La capacità del crescione nel saper riconoscere la direzione da cui proviene la luce è stata chiarita grazie a una collaborazione tra i biologi dell’Università di Losanna (UNIL) e gli ingegneri dell’EPFL. La ricerca ha dimostrato che la diffusione della luce all’interno della pianta permette al crescione di orientarsi verso la luce: il team di esperti ha scoperto che i tubi d’aria nelle cellule del fusto del crescione sono cruciali per percepire la direzione della luce, permettendo alla pianta di inclinarsi verso la fonte luminosa.

Il crescione nello spazio

L’adattabilità del crescione è stata testata anche nello spazio. Negli anni ’90, è stato portato nella stazione spaziale MIR e successivamente nella Stazione Spaziale Internazionale (ISS), mentre ad inizio 2000 un team di scienziati del Wisconsin Center for Space Automation and Robotics ha potuto osservare il comportamento del crescione in microgravità, attraverso la creazione di un laboratorio orbitante.
In un simile ambiente, la pianta ha completato il suo ciclo vitale senza problemi, dimostrando di poter crescere e svilupparsi indipendentemente dalla gravità, risultato che ha aperto la porta a missioni spaziali che potrebbero basarsi su una dieta a base di prodotti vivi anziché su alimenti liofilizzati o disidratati.

Crescione e regolite lunare

La grande versatilità del crescione ha saputo confrontarsi positivamente non solo con l’assenza di gravità, ma anche con terreni “extraterrestri”, letteralmente: ha mostrato la capacità di crescere e prosperare nella regolite, lo strato di detriti rocciosi che ricopre la superficie della Luna.
Nel 2021, una  ricerca finanziata dalla NASA ha dimostrato la possibilità di coltivare piante di arabidopsis thaliana in questo substrato povero di nutrienti, anche se le piante testate hanno dovuto lottare duramente per sopravvivere e non sono state in grado di produrre semi, dimostrando come la coltivazione sul suolo lunare sia ancora ben lontana dall’essere una concreta possibilità.

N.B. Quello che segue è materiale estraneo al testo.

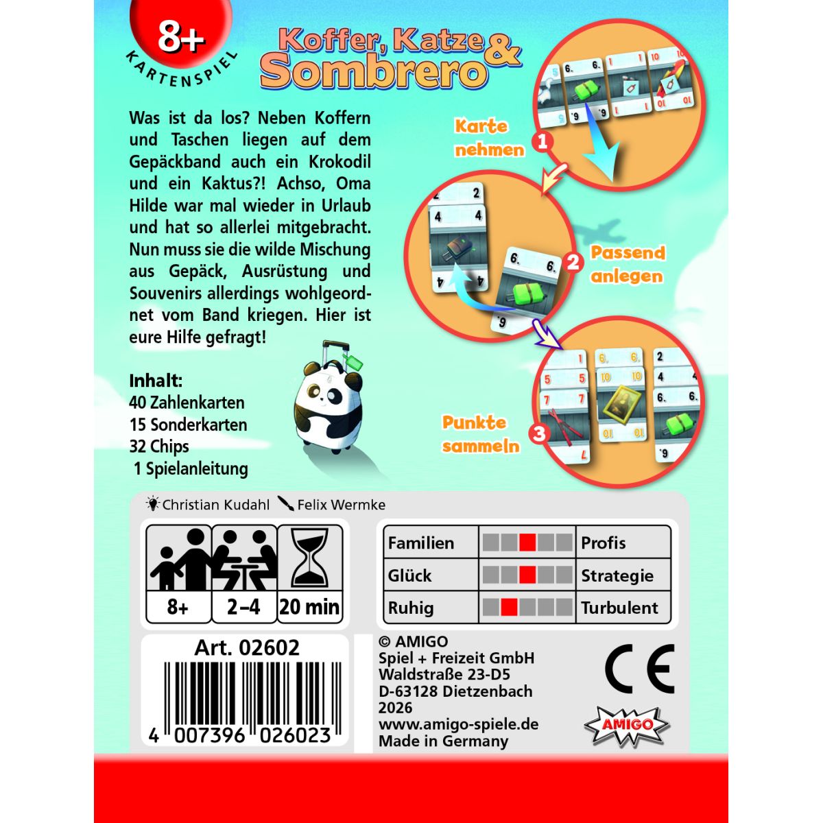 Koffer, Katze Sombrero MBE3 Was ist da los? Neben Koffern und Taschen liegen auf dem Gepäckband auch ein Krokodil und ein Kaktus?! Achso, Oma Hilde war mal wieder in Urlaub und hat so allerlei mitgebracht. Nun muss sie die wilde Mischung aus Gepäck, Ausrüstung und Souvenirs allerdings wohlgeordnet vom Band kriegen. Hier ist Unterstützung gefragt! Es gilt, möglichst viele Gepäckstücke nach Größe und Farbe sortiert zu sammeln, um die meisten Punkte zu machen. Wem das am besten gelingt, gewinnt nicht nur Oma Hildes Dankbarkeit, sondern auch dieses raffinierte Kartenspiel. So spielt man Koffer, Katze Sombrero MBE3: * Mischt die 40 Zahlenkarten und legt 7 Karten offen in einer Reihe in die Tischmitte. * Nehmt euch jeweils 7 Chips und legt sie als persönlichen Vorrat vor euch. * Bist du am Zug, führst du die folgenden 3 Schritte in dieser Reihenfolge aus: 1. Nimm dir eine Karte aus der Kartenreihe. Die erste Karte der Reihe kannst du einfach so nehmen. Möchtest du eine andere Karte nehmen, musst du einen Chip auf jede Karte legen, die du überspringst. 2. Lege genommene Karten in aufsteigenden Farbreihen offen vor dich. Kannst du nicht aufsteigend anlegen, musst du die Karte verdeckt legen – sie zählt dann am Ende einen Minuspunkt. Chips auf genommenen Karten legst du zu deinem eigenen Vorrat dazu. 3. Schiebe dann die Kartenreihe in der Tischmitte weiter und fülle sie wieder auf. Danach ist die nächste Person am Zug. * Das Spiel endet, sobald ihr die Kartenreihe nicht mehr auffüllen könnt. Zählt eure Punkte zusammen. Eine Karte gibt entsprechend ihres Zahlenwerts Punkte. * Mit 15 spannenden Sonderkarten für noch mehr Abwechslung und Spielspaß! Inhalt: * 40 Zahlenkarten * 15 Sonderkarten * 32 Chips * 1 Spielanleitung Maße: 12,4 x 9,6 x 2,1 cm Autor: Christian Kudahl Grafik: Felix Wermke Erfolgsfaktoren: * Ausgewogene Mischung aus Planung und Glück * Originelles Thema * Leichter Einstieg breite Zielgruppe.

Resistenza alle alte temperature

I ricercatori del Laboratorio di biofisica statistica dell’EPFL e dell’Università di Losanna hanno osservato come il crescione possa rispondere alle alte temperature. Hanno creato una linea di piante geneticamente modificate chiamate HIBAT, che reagiscono alla presenza di D-Valina: i risultati hanno mostrato che a 22°C le piantine non sono state influenzate, mentre il 98% è morto a 38°C in presenza di D-Valina. Questo risultato indica che il crescione può essere utilizzato per studiare i meccanismi di resistenza al calore, un aspetto cruciale con il cambiamento climatico.
Anche in questo caso gli studi in merito non mancano.

Crescione e mine anti-uomo

Negli anni 2000, gli scienziati danesi hanno sviluppato un crescione mutante in grado di segnalare la presenza di mine anti-uomo, modificando i geni responsabili della produzione del pigmento rosso, l’antocianina, che si attiva in presenza di biossido di azoto, rilasciato dalle mine esplose.

Utilizzare i semi di questa variante modificata di crescione su dei terreni potenzialmente minati potrebbe aiutare nello sminamento, visto che il pericolo verrà segnalato chiaramente con delle piante che cambieranno colore in pochi giorni, passando dal verde al rosso.

Il crescione nel mondo dell’arte

L’Arabidopsis thaliana ha ispirato anche l’arte. L’artista e biologa Špela Petrič ha esplorato l’ibridazione tra uomo e pianta, integrando ormoni steroidei estratti dalla propria urina in cellule di crescione. Questo progetto, intitolato “Ectogenesis”, ha portato alla creazione di piantine influenzate da elementi umani, unendo biologia e arte in un modo unico.